Would you give again, exactly as written, the lines from the opening of the records to the line with "- Bộ sản phẩm", that line included and pictures excluded?

Dataset entries
>>>>>
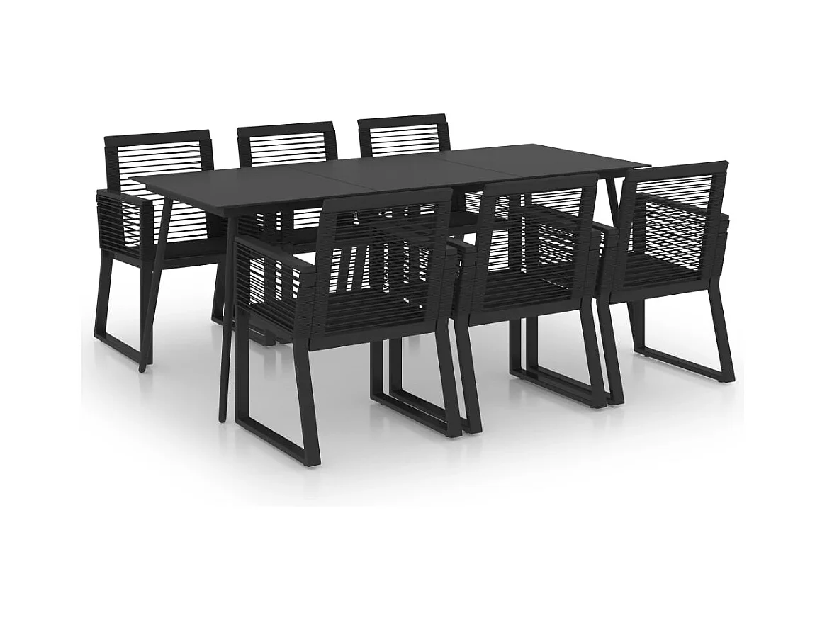 7-tlg. Garten-Essgruppe PVC Rattan Schwarz
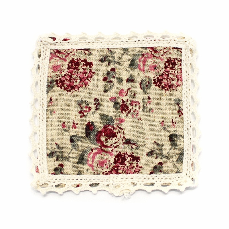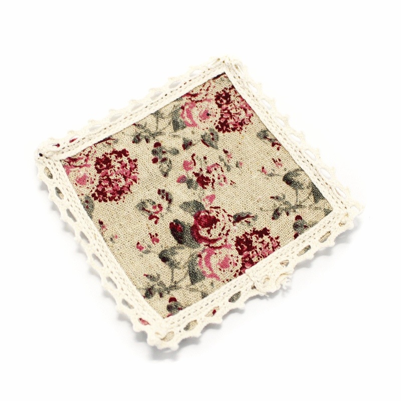 【4枚セット】リネン素材の薔薇とレースのコースター
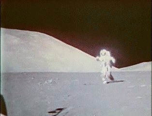 ▲ 宇航員哈里森·施米特(Jack Schmitt)以彈跳式步伐走向月球車
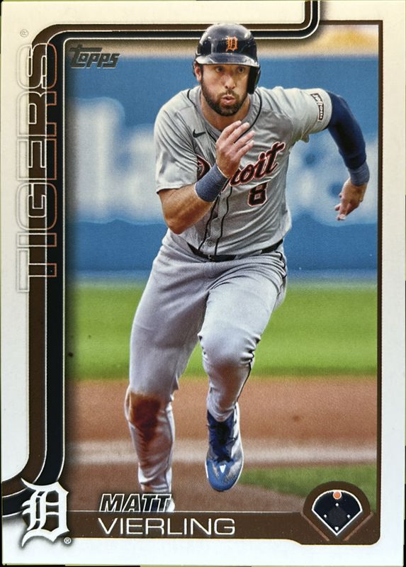 The Matt Vierling 2025 Topps #166 Base card is 1 of 62 Matt Vierling's card variations in the 2025 Topps set being tracked by Sports Card Investor, including Aqua Holo Foil, Diamante Foil, Holo Foil, Pink Diamante Foil, and Pink Holo Foil.
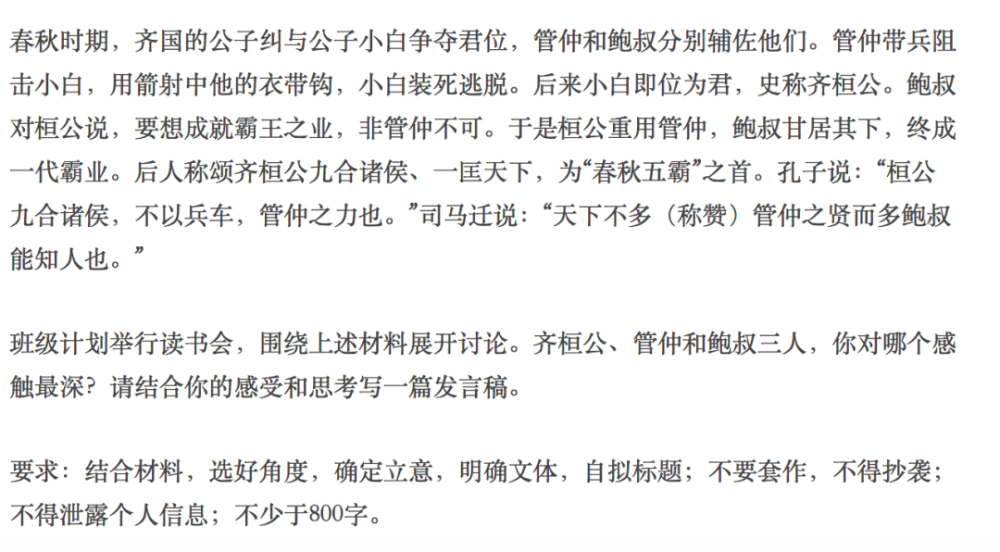 這道作文題中涉及到3個人,很多人會選擇鮑叔,因為他甘居人下的品格。也有很多人會選擇齊桓公,因為他不計前嫌,敢任用曾經(jīng)想殺自己的管仲。
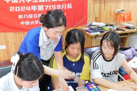 美育指引少年前行,助力成長浸潤童心啟動儀式結束之后,支教團成員們開始了今天的課程教學活動,老師們精心準備了科學實驗、編程、普通話、創意繪畫等系列特色趣味課程。其中,在地域文化創意繪畫課上,支教團曾維昕帶著孩子們在實地探訪與藝術實踐的過程中,將對本地自然、歷史與民俗的獨到理解融入畫筆,創作出一系列展現地域特色的藝術作品。
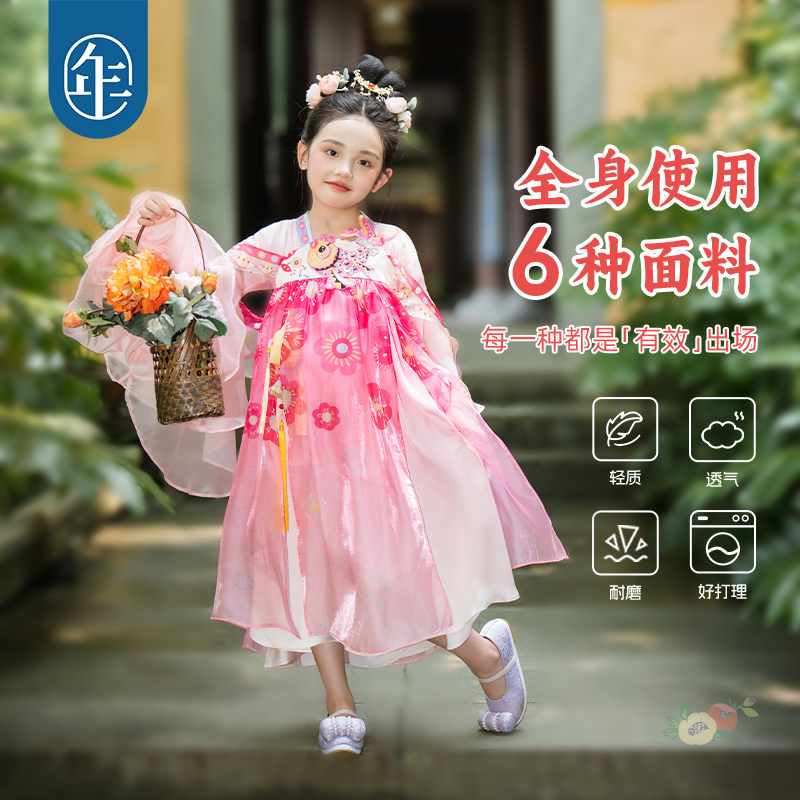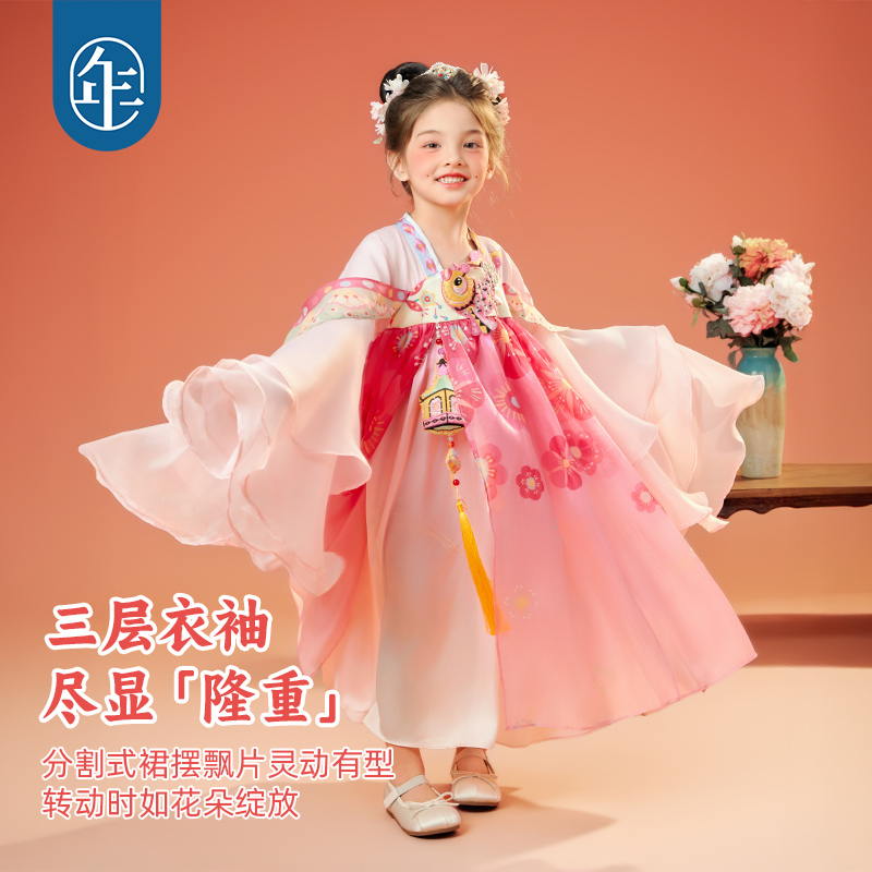 汉服裙女童秋季 古装 新款 中式 中秋节儿童礼服 重工改良唐装 年衣童装
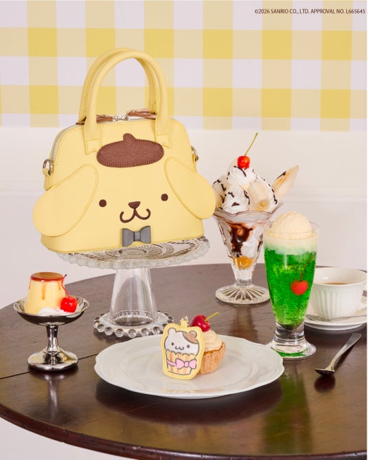 ポムポムプリンのお顔がそのままデザインされたショルダーバッグは、
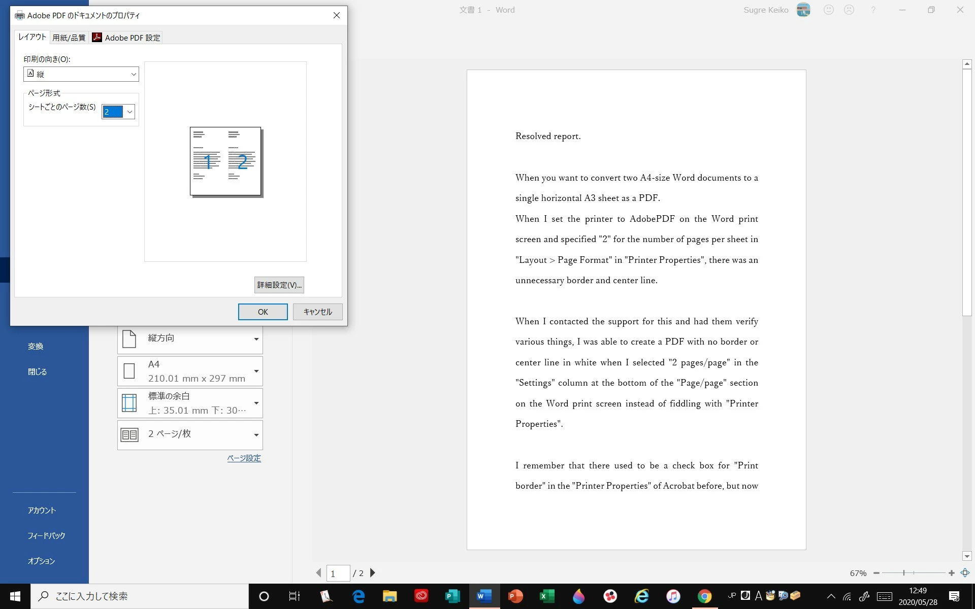 AcrobatでWord文書を2in1(見開き、複数ページを1枚に)でPDF化するときの枠線を消したい(English follows by DeepL)
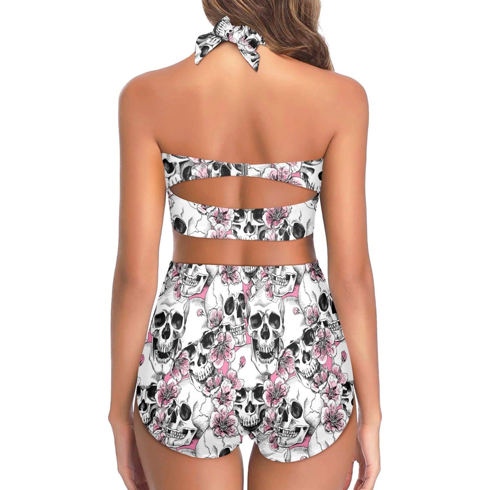 Cherry Blossom Pattern Print Design CB03 Halter Neck Bikini Swimsuit made-to-order and handcrafted to the highest quality standards.
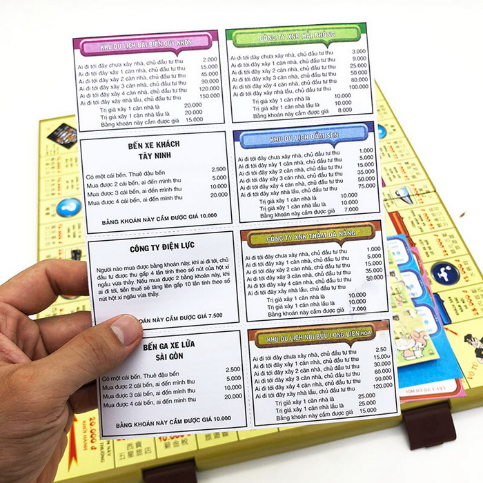 - Bộ sản phẩm gồm: các thẻ, quân cờ, bàn cờ bằng giấy, tiền, nhà,
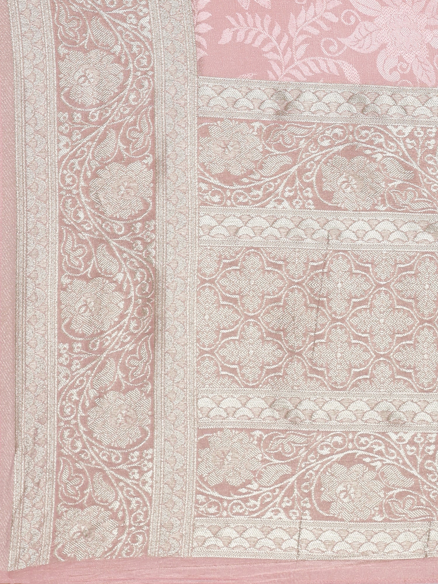 Elevate your elegance with this Baby Pink Banaras Weaved Saree, showcasing exquisite craftsmanship and timeless charm. The delicate weaving highlights intricate patterns that blend tradition with subtle sophistication, perfect for special occasions. Its soft pink hue adds a graceful touch, making it an ideal choice for those who appreciate refined style and cultural heritage.
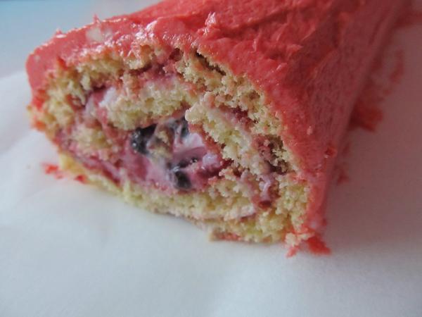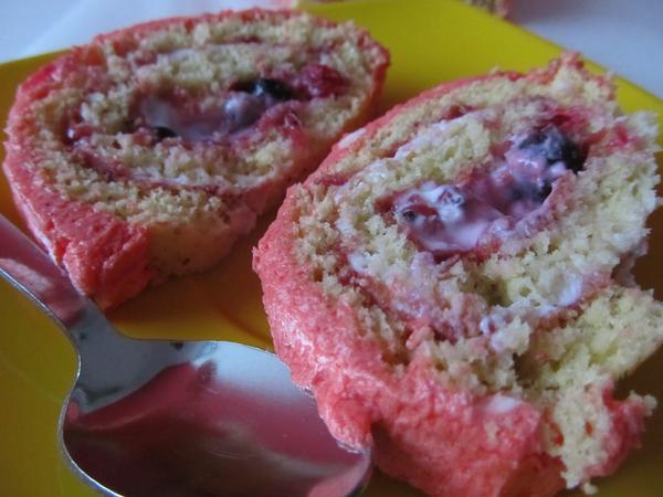 Hotovú a vychladnutú roládu potrieme jahodovým džemom, vyšlahanou šlahačkou. Na začiatok rolády(tam, kde začíname rolovať) naskladáme ľubovoľné ovocie, zvinieme a necháme stuhnúť v chladničke aspoň 1 hodinu. Medzitým si pripravíme krém na ozdobu:
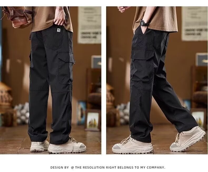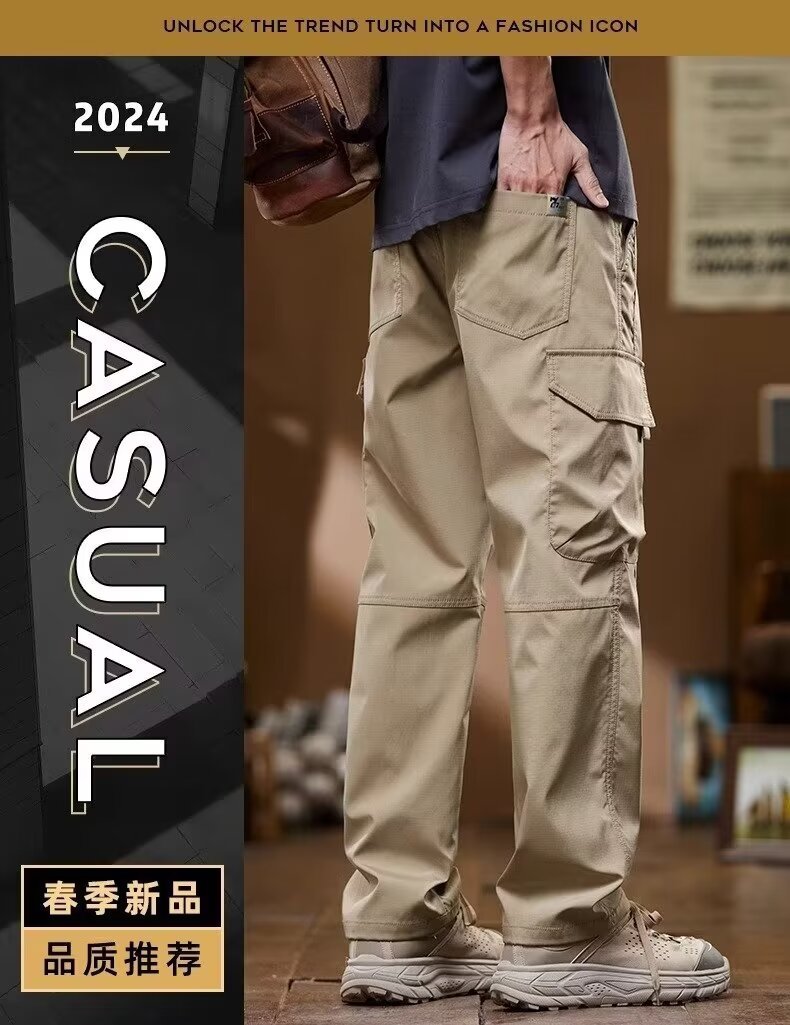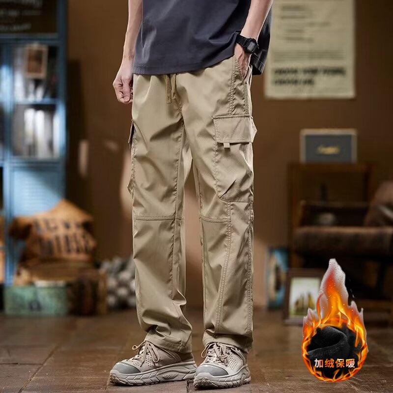 미국식 일자핏 작업복 바지 남성용 가을 겨울 루즈핏 다중 포켓 남성 바지 캐주얼 바지 긴바지 플리스 안감 내구성스토어 가기
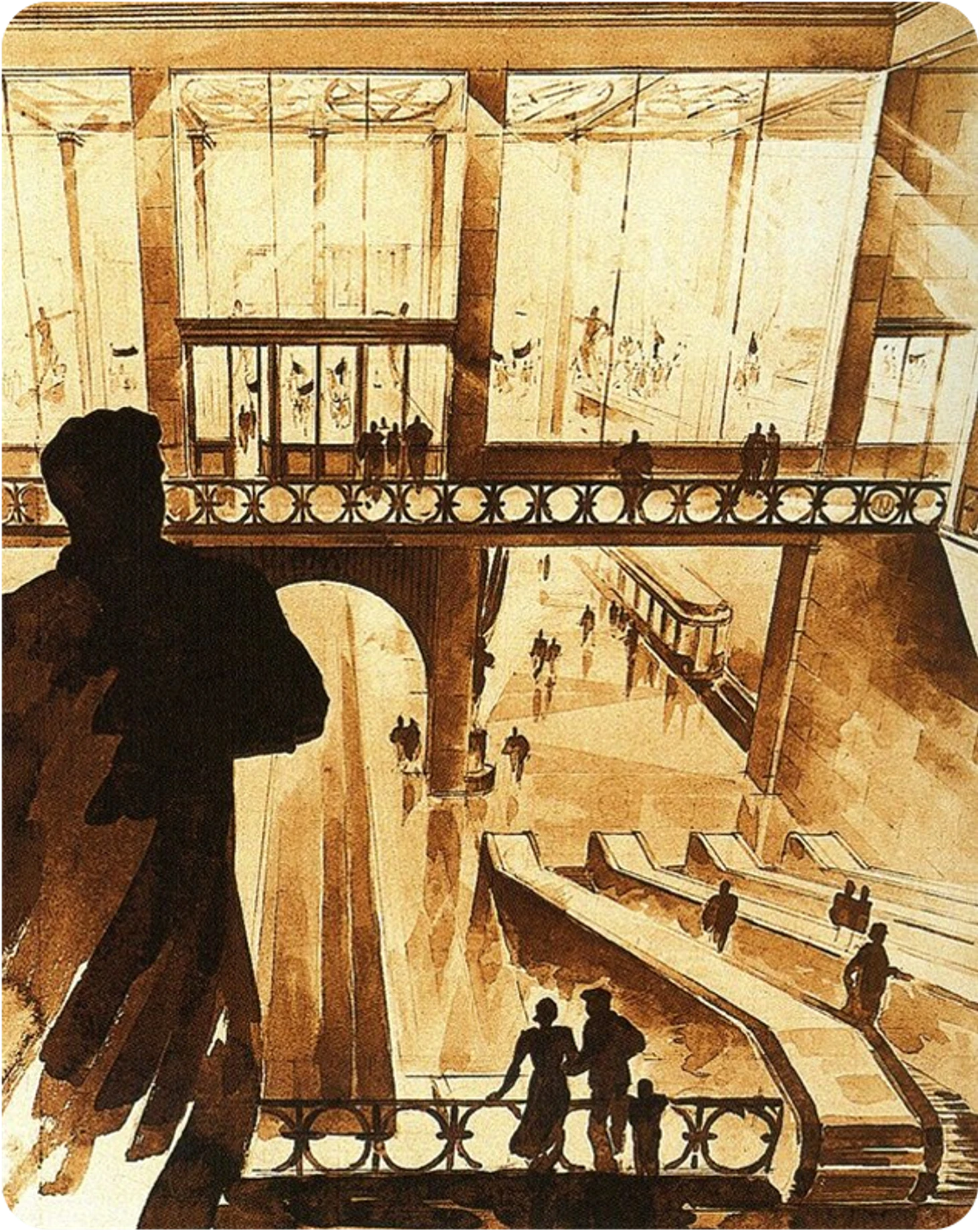«Весенний выходной 194… года. Я сел в поезд метро на станции Площадь Революции и через двадцать минут оказался под сводами станции Стадион имени Сталина <…> Миновав наземный вестибюль, я очутился на улице. Дорога стометровой ширины, украшенная статуями, фонтанами, обсаженная деревьями, вела к Центральному стадиону СССР имени Сталина…» – о таком будущем грезил один из корреспондентов московской газеты «Ударник Метростроя» в сентябре 1939 года.
<<<<<
Response to this exercise:
 7-tlg. Garten-Essgruppe PVC Rattan Schwarz
 【4枚セット】リネン素材の薔薇とレースのコースター
 ▲ 宇航員哈里森·施米特(Jack Schmitt)以彈跳式步伐走向月球車
 The Matt Vierling 2025 Topps #166 Base card is 1 of 62 Matt Vierling's card variations in the 2025 Topps set being tracked by Sports Card Investor, including Aqua Holo Foil, Diamante Foil, Holo Foil, Pink Diamante Foil, and Pink Holo Foil.
 這道作文題中涉及到3個人,很多人會選擇鮑叔,因為他甘居人下的品格。也有很多人會選擇齊桓公,因為他不計前嫌,敢任用曾經(jīng)想殺自己的管仲。
 美育指引少年前行,助力成長浸潤童心啟動儀式結束之后,支教團成員們開始了今天的課程教學活動,老師們精心準備了科學實驗、編程、普通話、創意繪畫等系列特色趣味課程。其中,在地域文化創意繪畫課上,支教團曾維昕帶著孩子們在實地探訪與藝術實踐的過程中,將對本地自然、歷史與民俗的獨到理解融入畫筆,創作出一系列展現地域特色的藝術作品。
 汉服裙女童秋季 古装 新款 中式 中秋节儿童礼服 重工改良唐装 年衣童装
 ポムポムプリンのお顔がそのままデザインされたショルダーバッグは、
 AcrobatでWord文書を2in1(見開き、複数ページを1枚に)でPDF化するときの枠線を消したい(English follows by DeepL)
 Cherry Blossom Pattern Print Design CB03 Halter Neck Bikini Swimsuit made-to-order and handcrafted to the highest quality standards.
 - Bộ sản phẩm gồm: các thẻ, quân cờ, bàn cờ bằng giấy, tiền, nhà,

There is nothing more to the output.